Development of an improved Polygenic Risk Scores (PRS) for complex disorders
Approved Research ID: 93016
Approval date: September 21st 2022
Advances in genomic medicine and analysis tools for the prediction of some diseases through genetic biomarkers have led to improvements in the analysis of the polygenic risk score (PRS). This is achieved by combining the effect size of several SNPs. In many diseases these PRS have already been identified (i.e. neurogenerative diseases, heart disease, breast cancer, diabetes, etc.). In diseases such as schizophrenia, the PRS is able to explain approximately 8% of the risk of developing schizophrenia. Moreover, we know that this early prediction can improve patient care through prevention, active follow-up and genetic counseling consultations, as demonstrated by the study in Finnish population and risk of cardiovascular disease with atherosclerosis. Therefore, prediction using PRS has been shown to increase the ability to predict risk to certain diseases over the classical single SNP approach. The same has been seen in the case of breast cancer, whose prediction by PRS, allows to classify patients into percentiles according to risk, and this has allowed in some countries its incorporation in the clinical routine for breast cancer screening.
However, the sensitivity and specificity of some algorithms, as well as the lack of including some additional variables, make necessary the development of other algorithms that can improve the existing ones. These algorithms are based on different mathematical models. It should also be taken into account that some PRS can be specific to some populations, so the previous analysis of ethnicities, using different tools, can improve these prediction algorithms.

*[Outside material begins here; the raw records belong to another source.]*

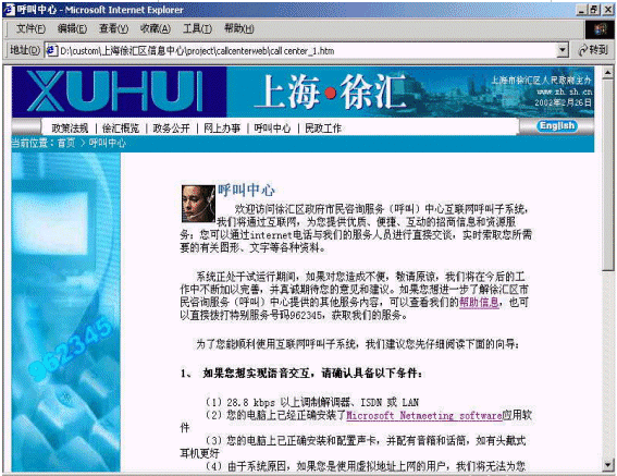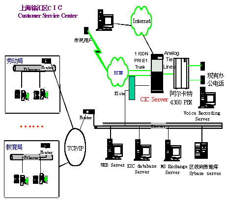 上海市徐匯區(qū)市民咨詢(呼叫)中心的第一期工程包括語音自動應(yīng)答IVR、按需傳真Fax on Demand、語音郵件Voice Mail、網(wǎng)頁互動Web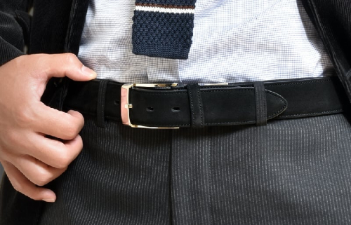 メンズ雑貨ブランドTAVARATの本革ベルト。革の表面を起毛させた国産のヌバックレザーを表面に、裏面にも国産のスムースレザーを使用した本革ベルトです。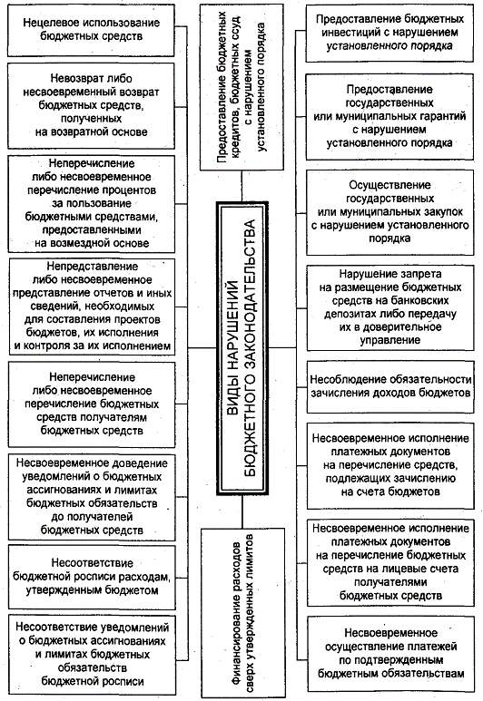Закон точно определяет виды нарушений бюджетного законодательства, за которые виновные должны быть привлечены к ответственности: преднамеренное сознательное неисполнение действующего законодательства; нецелевое расходование средств (направление средств на финансирование программ, которые не внесены в бюджет для инвестирования в рамках конкретного периода); отказ от перечисления или же неполное перечисление бюджетных ресурсов на реализацию проектов, предусмотренных законом о бюджете; задержки с подачей отчетов, а также иных документов и сведений, которые дают представление о ходе исполнения бюджета; нарушение порядка и правил ведения отчетно-учетной документации, несоответствие подписи и данных, содержащихся в данных документах.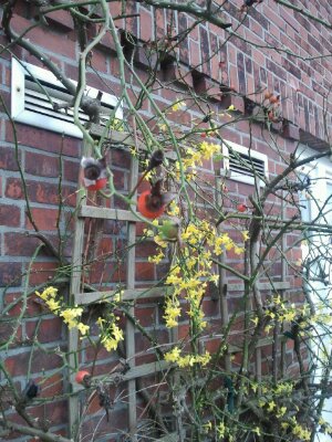 Rosehips and winter Jasmine (I’ve no idea of the Jasmine of this sort is useful).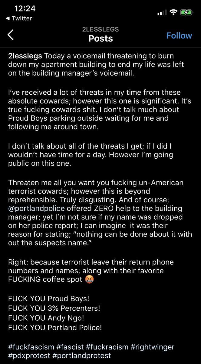 "text": "A local activist has received a very threating voicemail at their apartment about cutting the building's gas lines and burning it down. This comes after Andy Ngo has been repeatedly tweeting about this person since they've organized a few peaceful pickets against Andy's new book. twitter.com/_WhatRiot/stat\u2026",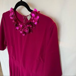 Cranberry dress, women’s dresses, red dress, dress with sequins, midi dress, tea length dress,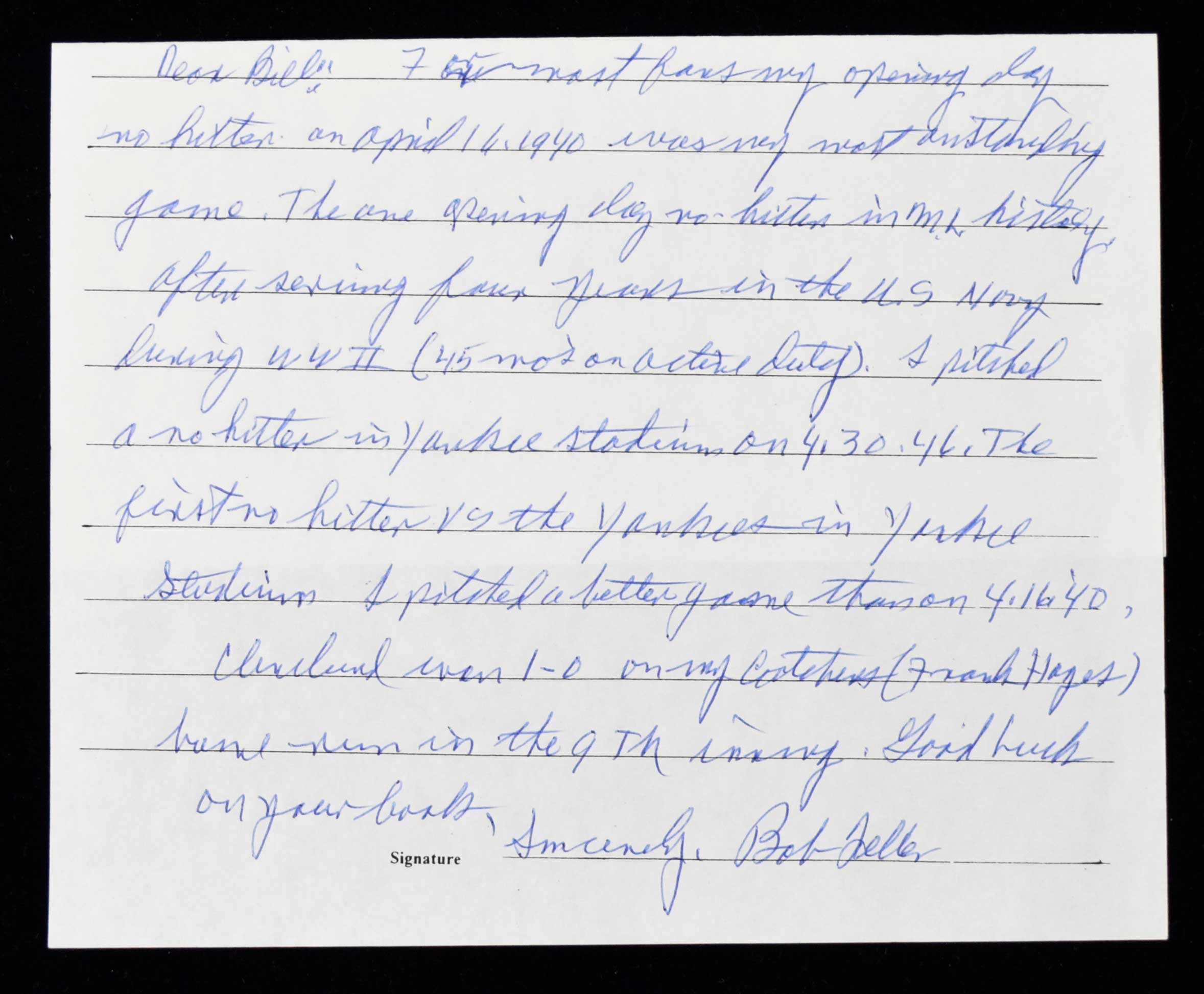 Description:Bob Feller "Greatest Thrill" handwritten letter with no-hitter content (EX-NM) Handwritten letter from Bob Feller in response to a fan asking what his "greatest thrill - most memorable moment in baseball was." Feller makes mention of his Opening Day no-hitter in 1940, 1946 no-hitter in Yankee Stadium, and his military service. Handwriting and signature rate 8 to 9 out of 10. Touch of light wear with typical mailing folds: EX-NM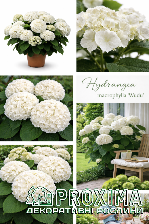 Використання в ландшафтному дизайні: Гортензія широколиста Вуду — це справжній білосніжний акцент у саду. Її великі, чисто-білі шапки квітів чудово виглядають як поодинокі кущі в контейнерах на терасі чи балконі, так і в групових посадках на клумбах. Вона створює елегантний контраст із темно-зеленим листям сусідніх рослин, підкреслює красу хвойників або яскравих багаторічників. У сучасному саду ‘Wudu’ стає частиною мінімалістичних композицій із каменями, декоративними доріжками або металевими елементами — її білі суцвіття роблять простір легким і повітряним. Кущі, висаджені в групах, утворюють білосніжні острови, що гармонійно розбавляють насичені кольори інших рослин і створюють відчуття спокою та гармонії. Цей сорт ідеально підходить для тих, хто хоче додати саду елегантності без зайвого клопоту — адже він довго тримає форму і залишається декоративним протягом усього сезону.

In addition, the computation of these algorithms may require high computational capacities and CPU memory usage, which makes it necessary to develop more efficient algorithms that are able to perform these calculations and predictions in increasingly shorter times.
Therefore, the aim of this project is to develop, test and validate, using the UK biobank cohort, an algorithm to estimate the genetic risk of several diseases that do not yet have it, as well as to improve some existing algorithms.
ADNTRO has a database of more than 10,000 samples from consenting individuals to develop an algorithm for predicting susceptibility to various diseases. Therefore, the main objective is to validate this algorithm with the UKbiobank data, publish the results and make this algorithm freely available to all researchers and professionals who may find it useful.